Introduction: Adding Auto-Reset Pin to PL2303 Based Serial-USB Modules
I got a couple of cheap PL2303 based Serial to USB modules off AliExpress thinking they would work for uploading code on to my Arduino Pro Mini. Unfortunately, I later figured the modules didn't have a reset pin and everyone who's tried manual reset, knows it's a pain.
A quick look into the 2303 datasheet confirmed that the chip does have a pin dedicated for auto-reset and that it wasn't connected to anything on my modules. I gave it a try, pulling out the pin through a small capacitor and it worked!
Although, most of you hackers out there are more intimidated by SMD chips than a Trex running at you, this hack is rather easy, really.
Things you'll need:
- 47nF ceramic capacitor
- A hookup wire with a male/female header
- Micro solder iron
- Desoldering wick
- Magnifying glass (optional)
- Heat shrink tube
Step 1: Prep the Parts
Fortunately, my modules came with a SSOP28 package, I'd be damned if it were a QNF.

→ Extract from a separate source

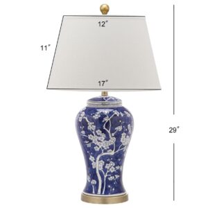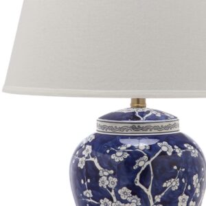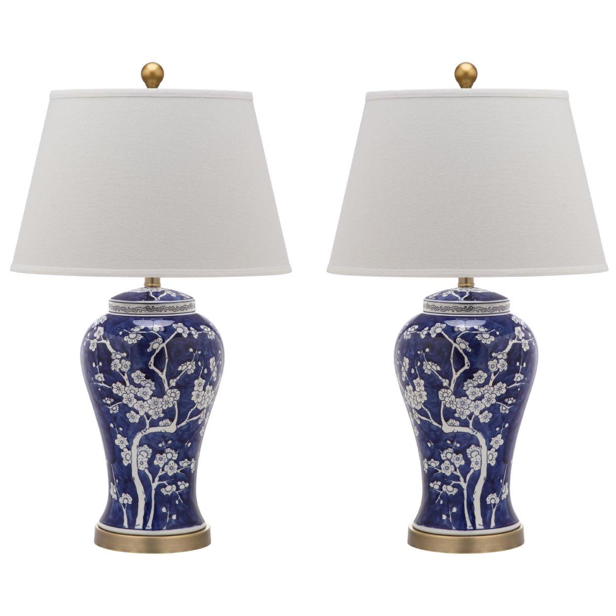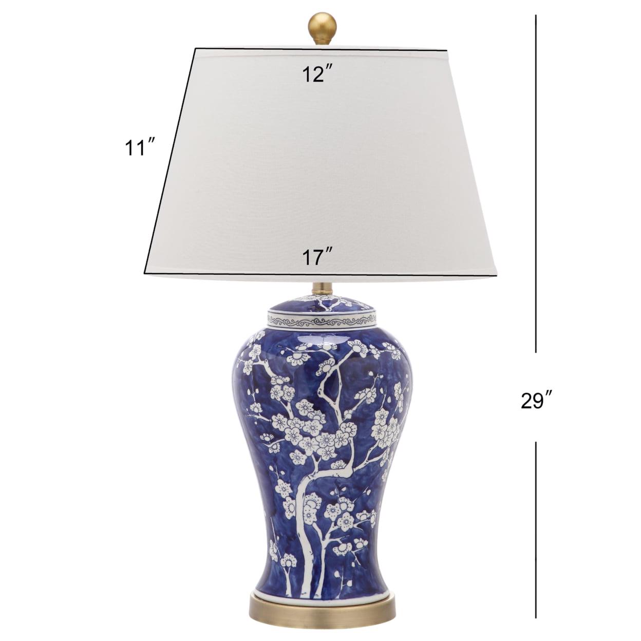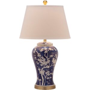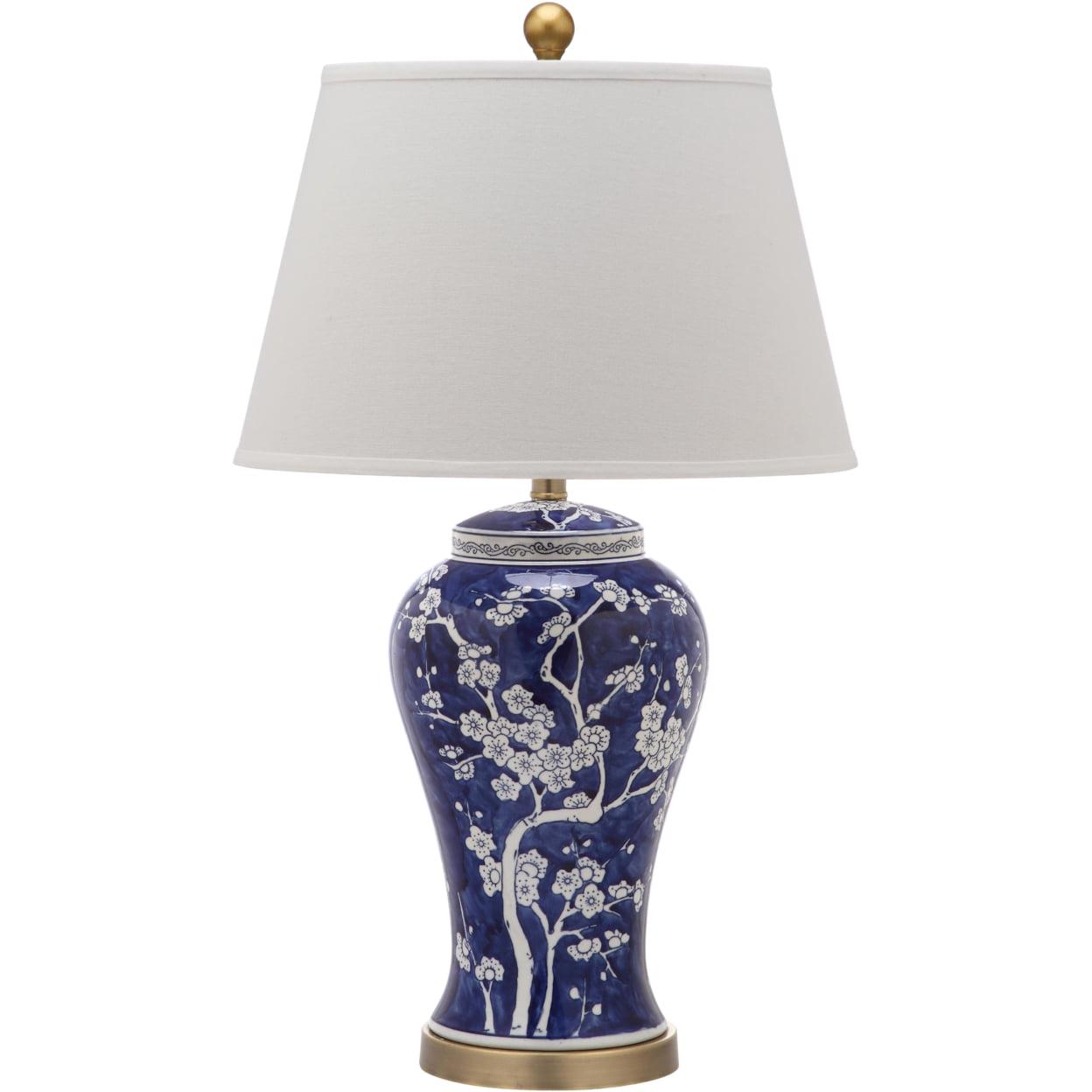 Wandering branches bursting with white flower buds adorn the classically styled navy blue Spring Blossom table lamp. True to its roots in Asian design, this elegant urn shaped lamp is crafted of ceramic with white linen shade, gilded finial and accents.

Rip the heat shrink if it came shrunk and locate Pin2 on the chip.
Take a 47nF ceramic capacitor, cut and bend one of its legs into a U-shape such that when the pin is soldered, the cap sits on the bottom side (or you can solder that cap in whatever way that pleases you).
Step 2: Set It Up
I used my helping hand to precisely align the capacitor leg on to Pin2 and then dab some flux on the pins before I soldered it. Don't really need a 3rd hand I guess, I used it because I don't have a steady enough hand for the job.
Step 3: Soldering
Gotta be a bit careful on this step, clean the solder tip, dip it in flux, melt on a small amount of solder on to the tip, just enough to tack on the capacitor to Pin2 and use a magnifying glass to inspect the joint, in case you're paranoid of a solder bridge.
Keep some desoldering wick on hand just in case you accidentally bridge the adjacent pins. I needed the wick thrice on hacking two modules.
On the flip-side, solder a small piece of wire with a male/female header on to the capacitor's free end and be sure to insulate it.
Step 4: Testing and Finishing Up
Hook up the module to a Pro Mini and upload the infamous Blink (or any other code!) to confirm that your module is working.
Finish off the hack with some nice heat shrink. I love them clear shrinks!